A review by Tony Moffeit

The arrival of a major collection by Lyn Lifshin is a cause for celebration. Because at the roots of the small press movement, she stood as a marvelous icon of the small press essence: extremely individualistic, tremendously innovative, and working with the speed of lightning to go through as many periods as Picasso. Now she is simply an American icon, a poet you love to see everywhere, a poet you love to read for her amazing approach to the poem and to life.

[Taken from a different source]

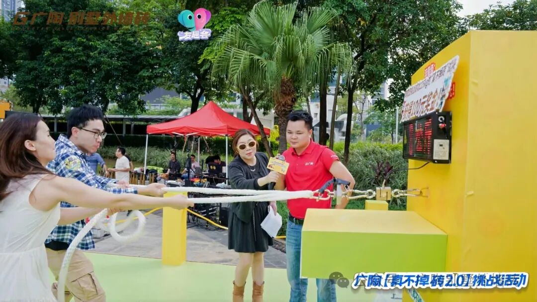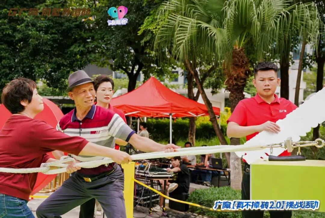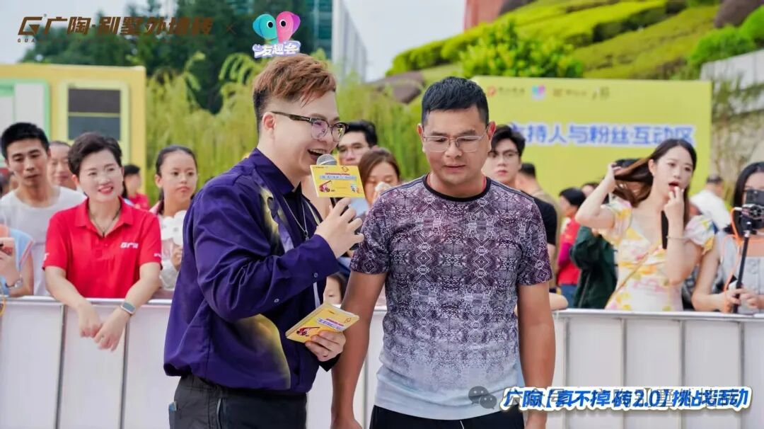 作为活动重磅环节,“爱情拉力赛”邀请现场观众搭档组队,合力拉动特制装置,配合大屏实时显示攀升的拉力数据,直观见证默契与力量的双重迸发,既获得协作乐趣,更能感受广陶超韧弹性瓷砖百粘胶的强悍抗拉力,全程趣味与爱意拉满~还有佛山传媒知名主持人——邵瑞云全程热情控场,观众们呐喊助威,热烈氛围吸引了大批市民驻足围观与参与!

She is a poet with many identities, many masks, many mirrors. As evidenced in the title of her latest collection, ANOTHER WOMAN WHO LOOKS LIKE ME, and the title poem:

Another woman who looks like me

gets on Amtrak, leaves
her suitcase on the
platform. Nobody she
leaves behind has a clue,
She isn't a terrorist,
there's no Anthrax or
fertilizer in it, only
a few explosive
words to someone
dead. She could have
just made a fire,
curled near the etched
glass as if nothing
had happened
yet or revised the past.
But instead, she's coiled
what no one has left
to understand in the
lingerie pockets of a
shattered blue suitcase.
You might think
she's reckless
or lost, in a daze, but
first imagine she
sees it as a child too
much for her that
she can't bear to keep
or know will grow
up with strangers
so before it can
belong to anybody
else, she wraps the
words in lamb's wool
like someone
putting a newborn
in thick wool,
leaving it in a
dumpster with a
diamond anklet to
let whoever takes it
know how much
it mattered

Lyn Lifshin's poems have an elusive quality that is ghostlike. Touching the ghosts of others through touching the ghost of herself. The archetype of the words, the myth of the words, played out as a child she can't bear to keep, leaving the words coiled in the lingerie pockets of a shattered blue suitcase, a stunning metaphor that continues on about this child she can't bear to keep until the final brilliant association of wrapping the words in lamb's wool, like someone putting a newborn in thick wool, leaving it in a dumpster with a diamond anklet to let whoever takes it know how much it mattered. The power of this poem, the power of its ideas, the power of its metaphors, the power of its working with who and what she is, who and what we are, who and what words are, make it a breathtaking experience.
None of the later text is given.